Il n’aimait pas les interview parking, c’est-à-dire lorsque les journalistes parlaient aux joueurs après l’entrainement devant leurs voitures, car le joueur pouvait soit attraper froid (sortie de douche après l’entrainement), soit être dans une mauvaise forme donc donner une réponse irréfléchie. Il était très dans le détail, faisait attention a tout. Il était très attaché à la gestion de la communication, tout était réfléchis, puis forcément les souvenirs de conférence de presse, à l’image de ses causeries, on avait l’impression qu’il répétait ses mots de la causerie, nous emmenait dans sa motivation du match, il était très communicatif, tout était planifié, rien ne lui échappait. Avec Jean-Philippe Baille (actuel directeur de France Info), on écrivait les livres de la saison donc on avait obtenu sa confiance et on avait un deal, il nous donnait des infos au fur et à mesure mais on n’avait pas le droit de les utiliser dans nos médias, il emmenait tout le monde dans l’aventure de la saison !

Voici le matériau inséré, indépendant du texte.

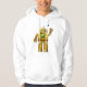 Los robots pueden ser amigables como lo demuestra este diseño. Este diseño es un robot amigable que está parado y ondeando. El robot es dorado y tiene un botón verde en el pecho y ojos verdes. Este simpático diseño de robots se ve muy bien en este cuerpo masculino. Perfecto para usted o como regalo
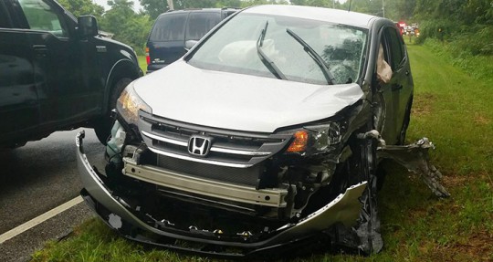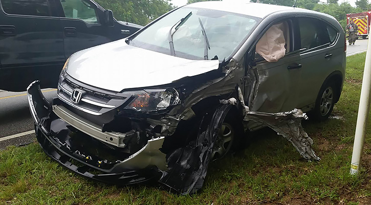 There were no serious injuries reported in a two vehicle crash Monday on Highway 95A south of Molino. The wreck involving a Honda SUV and a Dodge pickup occurred about 3:36 p.m. on Highway 95A south of Cedartown Road. The accident temporarly blocked traffic in both directions on Highway 95A. NorthEscambia.com photos by Kristi Barbour, click to enlarge.
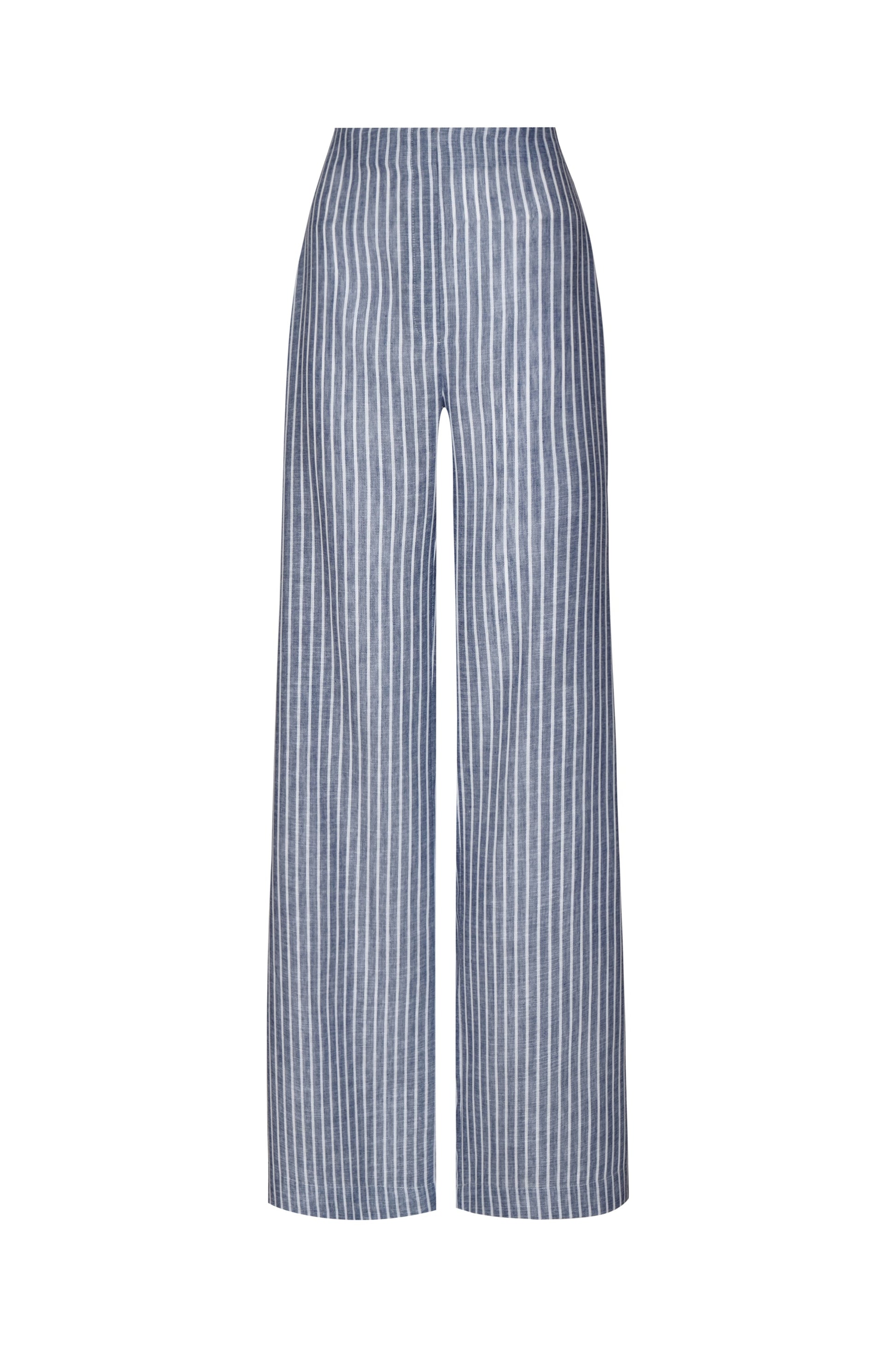 “Amor Profundo” es un pantalón a rayas en blanco y azul, inspirado en la serenidad y frescura del mar. Su corte relajado y elegante encarna el espíritu effortless de la colección AL MAR.

A quelques jours du match entre deux de ses anciens clubs, que pensez-vous de l’empreinte qu’il a laissé au PSG et à l’OL ?

Le symbole c’est qu’il est mort après un PSG-OL et une victoire de l’OL au Parc des Princes. On a pas assez mesuré à l’époque ce que Gérard a pu apporter, le premier titre du PSG, à Liverpool tout parle pour lui, à l’OL un jeu abouti même si il n’a pas fait forcement mieux que les autres, puis on a sous-estimé son travail invisible en conseiller. C’était un grand homme qui a beaucoup compté pour les deux équipes.